There's a myriad of possibilities, and none of them are right or wrong. What I say is that we need to give doctors an opportunity to spend more time with a patient to better diagnose, rather than rushing them through each appt.
 
#14 ·
I wouldnt be surprised if a young Dr doesnt know what Chicken pox looks like, for get small pox.

Now that they have the vaccines, noone gets it anymore. My older kids had it and since they came out with the shot, its very rare to hear about. Infact I have not heard of a case at my kids school in over 10 years.
 
#16 ·
I'm wondering why the patient wouldn't have been hospitalized
and isolated for having staph? I seem to recall my mother had
a staph infection and was hospitalized and isolated (back in the
80's). Are things different now?

Also, is staph the same or similar to MRSA? A friend's mother
was hospitalized/isolated last Fall with MRSA. Just curious. as
at the time, someone said staph and MRSA were the same.
Thanks!
 
#17 ·
Staph and MRSA are like an Accord and a Humvee. Staph is bad, MRSA is super bad, i's a staph infection only the antibiotics can't kill it. And if it gets in your system its lethal. A lot of people carry MRSA on there skin, while we carry staph on our skin, but washing our hands prevents spreading it to sores or others.

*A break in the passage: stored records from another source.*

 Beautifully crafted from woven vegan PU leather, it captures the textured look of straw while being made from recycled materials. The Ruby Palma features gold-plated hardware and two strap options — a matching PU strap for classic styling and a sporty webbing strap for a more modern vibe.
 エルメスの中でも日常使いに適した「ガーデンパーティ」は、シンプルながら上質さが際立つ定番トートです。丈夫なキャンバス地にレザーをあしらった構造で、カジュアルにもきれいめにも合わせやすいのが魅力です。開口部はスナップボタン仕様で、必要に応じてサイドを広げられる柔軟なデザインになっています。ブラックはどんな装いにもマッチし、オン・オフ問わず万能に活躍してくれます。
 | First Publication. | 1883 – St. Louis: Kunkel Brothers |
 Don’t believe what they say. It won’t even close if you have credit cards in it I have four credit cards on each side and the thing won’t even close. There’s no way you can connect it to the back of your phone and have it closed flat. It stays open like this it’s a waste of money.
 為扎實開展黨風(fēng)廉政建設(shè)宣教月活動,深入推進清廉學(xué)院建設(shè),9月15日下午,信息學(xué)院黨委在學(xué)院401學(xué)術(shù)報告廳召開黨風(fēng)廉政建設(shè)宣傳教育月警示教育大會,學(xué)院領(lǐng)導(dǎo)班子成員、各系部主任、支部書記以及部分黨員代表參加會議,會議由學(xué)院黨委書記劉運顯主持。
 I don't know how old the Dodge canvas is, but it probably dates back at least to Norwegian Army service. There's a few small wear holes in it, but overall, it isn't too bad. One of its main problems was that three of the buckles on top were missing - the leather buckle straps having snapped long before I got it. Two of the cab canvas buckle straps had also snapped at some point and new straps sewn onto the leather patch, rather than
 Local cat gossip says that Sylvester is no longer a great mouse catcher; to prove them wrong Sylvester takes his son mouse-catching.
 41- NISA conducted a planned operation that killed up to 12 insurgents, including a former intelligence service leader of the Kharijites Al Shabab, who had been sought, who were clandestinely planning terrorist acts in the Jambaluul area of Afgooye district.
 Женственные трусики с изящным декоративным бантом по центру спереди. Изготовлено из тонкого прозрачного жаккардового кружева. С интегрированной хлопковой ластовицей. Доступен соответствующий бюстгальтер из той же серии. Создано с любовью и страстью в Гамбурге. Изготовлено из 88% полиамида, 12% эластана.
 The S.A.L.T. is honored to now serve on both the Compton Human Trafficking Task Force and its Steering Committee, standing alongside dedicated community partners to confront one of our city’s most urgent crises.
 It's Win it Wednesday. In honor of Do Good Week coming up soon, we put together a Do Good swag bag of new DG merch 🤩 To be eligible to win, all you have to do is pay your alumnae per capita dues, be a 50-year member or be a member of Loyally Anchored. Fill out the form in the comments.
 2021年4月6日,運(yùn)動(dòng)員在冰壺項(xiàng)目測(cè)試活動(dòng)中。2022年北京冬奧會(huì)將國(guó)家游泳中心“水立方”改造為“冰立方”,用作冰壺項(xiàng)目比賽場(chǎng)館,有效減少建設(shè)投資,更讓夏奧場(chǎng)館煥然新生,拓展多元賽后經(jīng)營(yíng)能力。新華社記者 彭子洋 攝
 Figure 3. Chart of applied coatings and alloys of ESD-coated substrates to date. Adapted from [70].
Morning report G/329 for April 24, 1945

As for hospitalizing all potential contagious patients. Its just not possible. With the H1N1 thing my local hospital had so many 'potentials' in isolation that we were hard pressed for private rooms required for them. Some states also require the isolation of all at risk patients who live in group housing which increases this demand. Group housing can include nursing home residents, prison inmates and such.
 
#18 ·
i'll never trust the medical industry. industry because thats all it is, a business for making money at treating symptoms, not curing or fixing nearly anything.
 
#20 ·
Part of the problem is that the public has these "Star Trek" expectations that you can quickly & positively identify medical maladies. And that is so wrong.

The flip side of the coin is that there are a lot of serious, communicable, infectious diseases out there that look a lot like other less serious ones. A good example would be H1N1 in China. Most people are dismissive of H1N1 (perhaps rightly so). However, in rural China, they occasionally have incidences of pneumonic plague. Very communicable. Very deadly if not treated in 24hrs. But it's very treatable with antibiotics. However, I could easily see it getting out of hand in the public due to a misdiagnosis of flu.
 
#21 ·
This is one of several reasons why I avoid hospitals, doctors and the whole industry in general. We are in no way equipped to deal with a biological attack. While your normal breed of smallpox is a bad bug, a genetically engineered super smallpox is much worse. I did read somewhere, once, that the Russians were rumored to be working on that, to see how far one could take it.

I think the US government regularly does that as well, to test the capabilities of things like that. All the tests in the world, though, don't fix our inability to contain, treat and neutralize a biological attack. Ideally, our hospitals should be running at 25% capacity, leaving 75% for a massive rush of patients. Unfortunately nobody thinks defensively, as that costs a LOT of money.